____ Material for this exercise

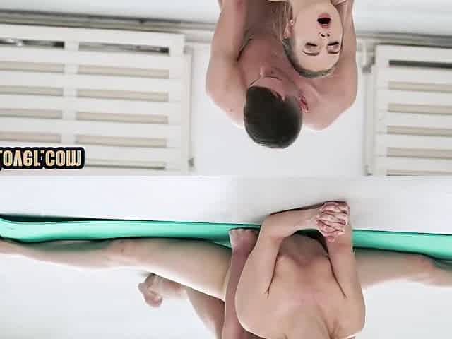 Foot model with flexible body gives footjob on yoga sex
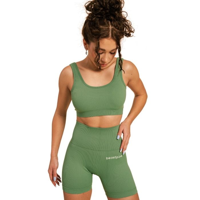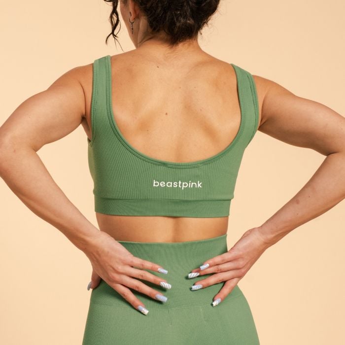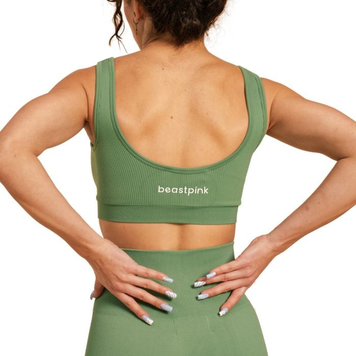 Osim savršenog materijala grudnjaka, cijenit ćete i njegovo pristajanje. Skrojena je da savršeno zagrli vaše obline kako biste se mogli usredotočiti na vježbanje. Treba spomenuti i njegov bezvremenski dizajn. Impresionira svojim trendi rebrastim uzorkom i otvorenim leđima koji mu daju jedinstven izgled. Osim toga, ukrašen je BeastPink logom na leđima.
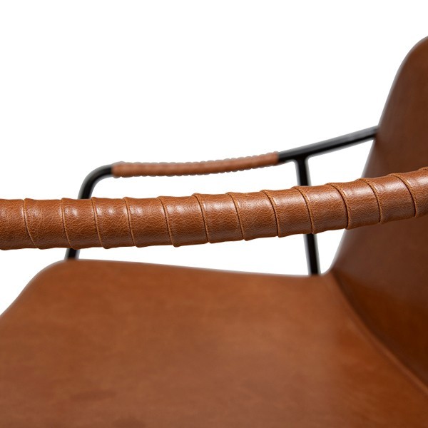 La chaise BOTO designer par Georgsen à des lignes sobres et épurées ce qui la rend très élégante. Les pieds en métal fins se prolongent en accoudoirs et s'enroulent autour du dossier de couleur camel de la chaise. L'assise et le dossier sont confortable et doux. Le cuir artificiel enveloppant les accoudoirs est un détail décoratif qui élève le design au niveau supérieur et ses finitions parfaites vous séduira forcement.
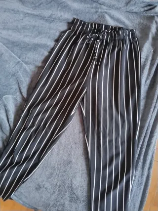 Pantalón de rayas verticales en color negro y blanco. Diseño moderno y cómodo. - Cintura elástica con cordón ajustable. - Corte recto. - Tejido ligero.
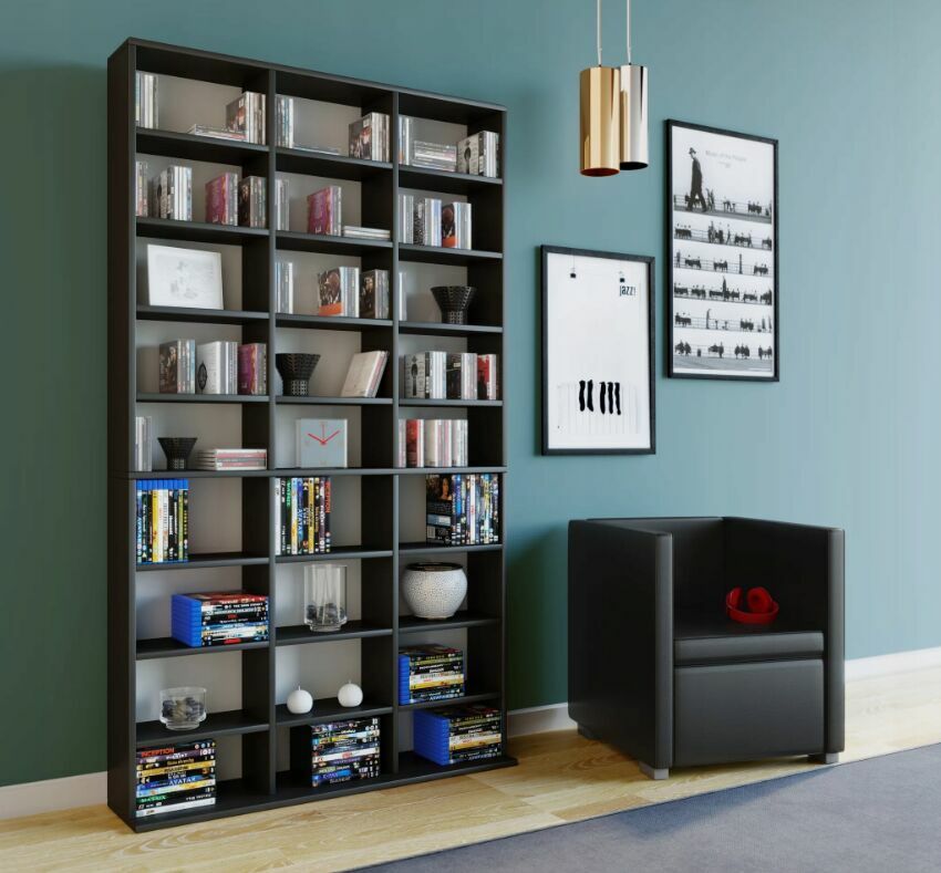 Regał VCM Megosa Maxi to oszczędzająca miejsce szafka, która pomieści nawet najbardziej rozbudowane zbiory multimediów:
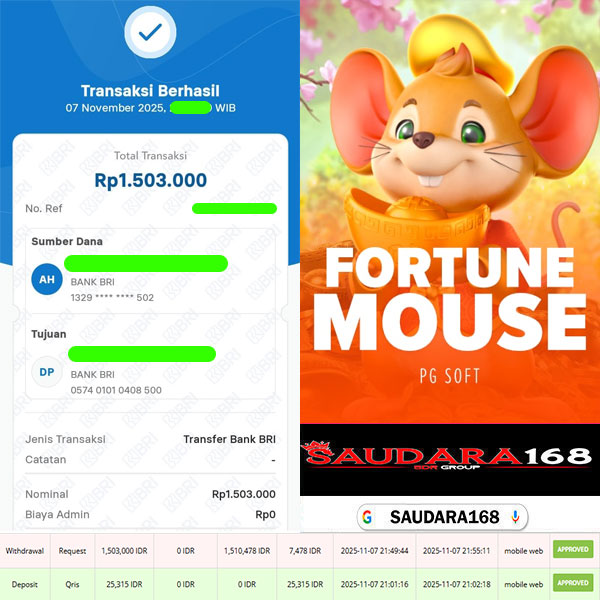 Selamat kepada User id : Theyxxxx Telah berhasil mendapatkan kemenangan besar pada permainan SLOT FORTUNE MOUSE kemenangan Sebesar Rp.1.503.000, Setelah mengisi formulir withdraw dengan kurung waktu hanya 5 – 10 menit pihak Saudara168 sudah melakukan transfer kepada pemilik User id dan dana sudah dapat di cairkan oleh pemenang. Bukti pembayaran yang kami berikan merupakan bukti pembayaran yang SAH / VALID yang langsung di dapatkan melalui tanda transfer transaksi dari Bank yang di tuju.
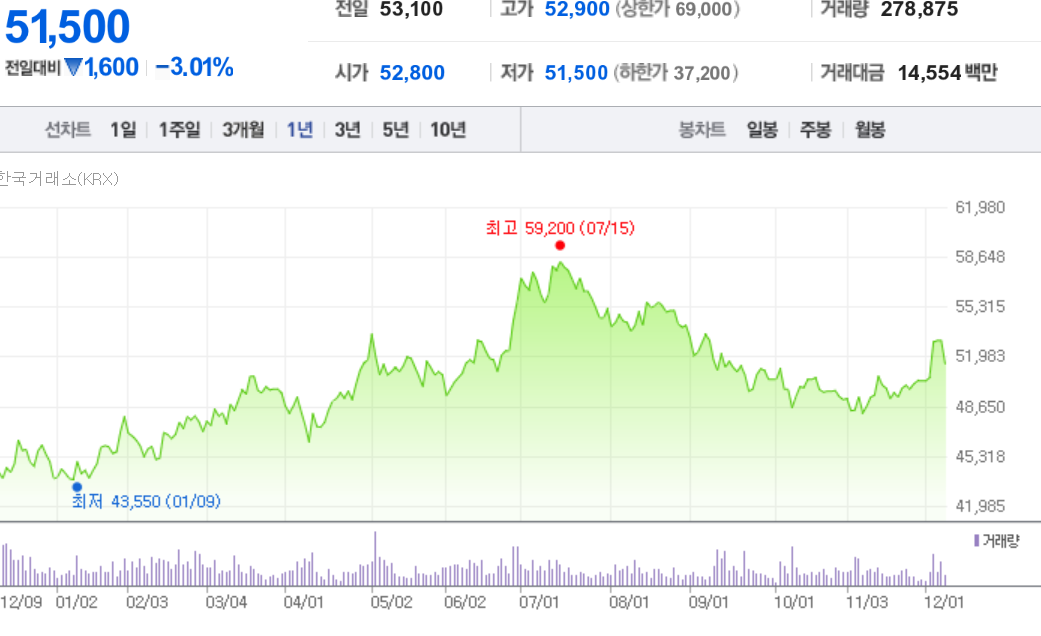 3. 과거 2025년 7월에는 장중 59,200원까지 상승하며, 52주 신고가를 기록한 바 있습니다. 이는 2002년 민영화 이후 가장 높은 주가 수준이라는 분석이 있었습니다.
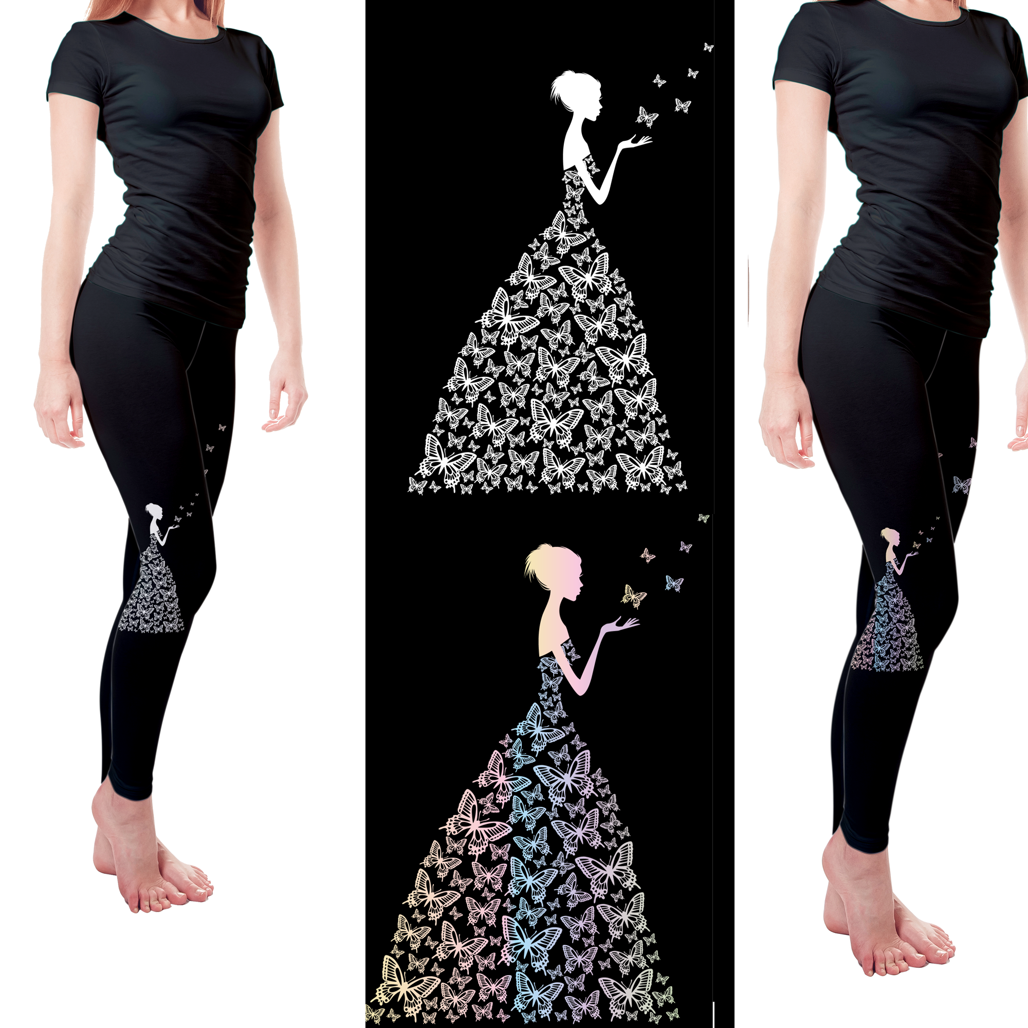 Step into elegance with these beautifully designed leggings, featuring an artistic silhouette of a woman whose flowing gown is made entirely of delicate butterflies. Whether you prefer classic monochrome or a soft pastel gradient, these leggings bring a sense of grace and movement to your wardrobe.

________

Action item
Look above for the line with "Pantalón de rayas" and copy exactly from it through the line with "Regał VCM Megosa", both included. Omit the pictures.

Written reply
 Pantalón de rayas verticales en color negro y blanco. Diseño moderno y cómodo. - Cintura elástica con cordón ajustable. - Corte recto. - Tejido ligero.
 Regał VCM Megosa Maxi to oszczędzająca miejsce szafka, która pomieści nawet najbardziej rozbudowane zbiory multimediów:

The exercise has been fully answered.